The following wouldn't apply for a truly multi-tenant global SaaS product, so this opinion is aimed at simple "Line of Business" app developers.

Storing as UTC is fine but there is one requirement that causes pain if you do this: "Can you write me a report that shows me how many of X that occur per day?"

If you store dates as UTC, this requirement will cause pain; you need to write timezone adjustment code on the application server and in your reporting; Every ad-hoc query you perform on data that includes date criteria will need to factor this in.

If you application meets the following criteria:

  1. Each instance is based in a single timezone.
  2. Timezone transitions are usually outside office hours or you don't really care about "durations" of things to the level that a missing hour or so will matter.

I suggest you store the datetime as local date time, whilst using a library that isolates you from server timezone config issues (e.g. Noda.Time in the world of .net).

If your inter-system messages use ISO 8601, and your database is storing the origin local time + offset (like datetimeoffset in MSSQL or ISODate in Mongo as ISO 8601 captures it) and you're only using DateTimeOffset in .NET or OffsetDateTime in Java or some equivalent in your code, then no conversions are needed, at all. You just store it. All comparison functions will just work.

If you convert to UTC in your persistence, then you've lost the offset from the point-of-view of the user.

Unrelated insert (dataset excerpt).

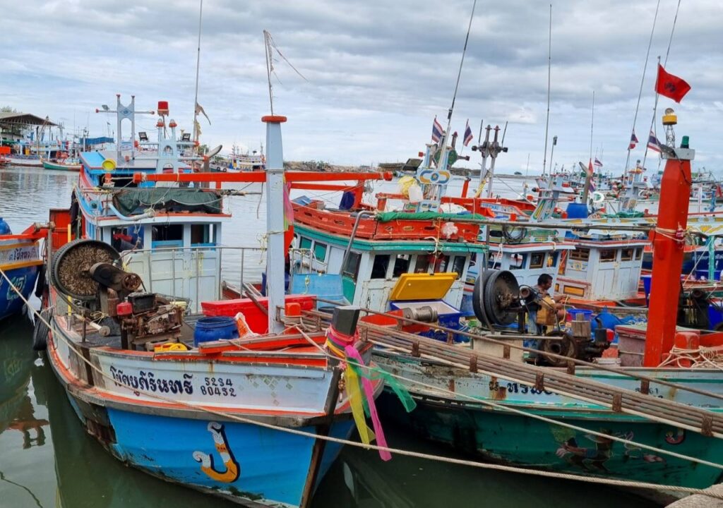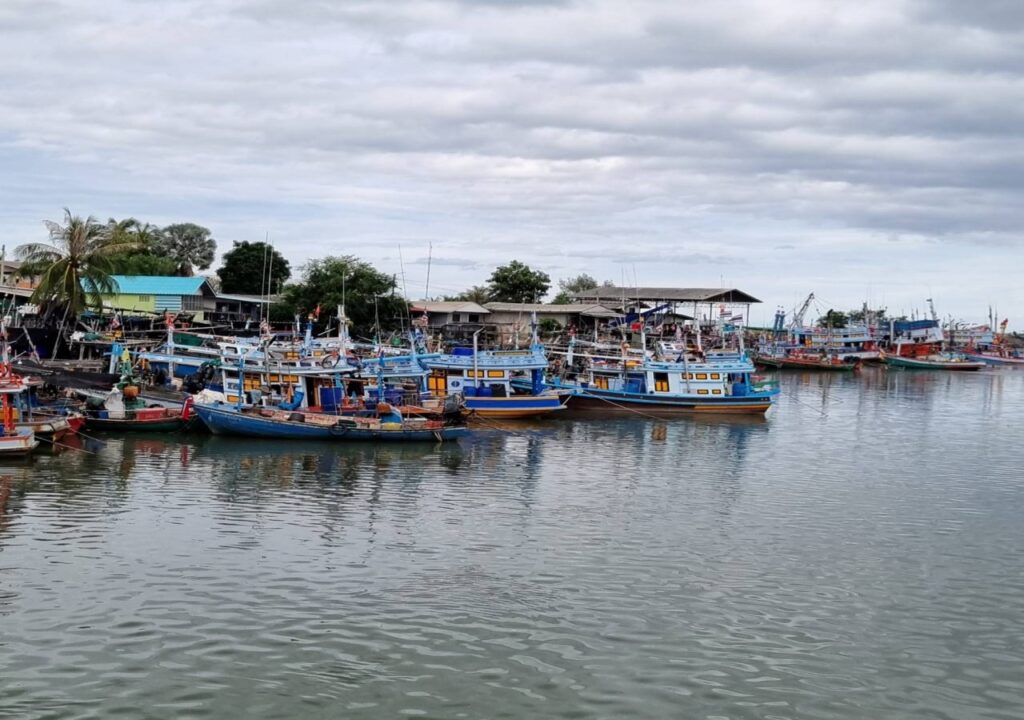 เรือประมงพื้นบ้านเรียงราย ริมสะพานเหล็กสีเหลือง

Displaying when your user signed a document a decade ago is now a hard problem. Working that out from UTC will mean looking up the DST rules that were in play at that time in that territory. Nightmare.

I believe the reason we are all so used to converting to UTC for persistence is because we never used to have the right datastructures/data-types to allow us to do the right thing.

Can't we always compute the local time given UTC and a timezone? We can't really reliably store a time and a timezone encoded in the time itself since the offsets for timezones can change and the ISO standard only allows us to encode the offset which could change. So, we can't, say, store a time in the future encoded in the local time zone since we don't actually know the offset yet! So, store times in UTC and store the timezone as a separate entry and compute this when needed which is less error prone. Local time is usually an implementation detail. It seems when we store this we are probably mixing up concerns. It's the business of the view to show time relative to timezones most of the time. By storing the components of things and allowing computations to compose them we gain the most flexibility as a general rule.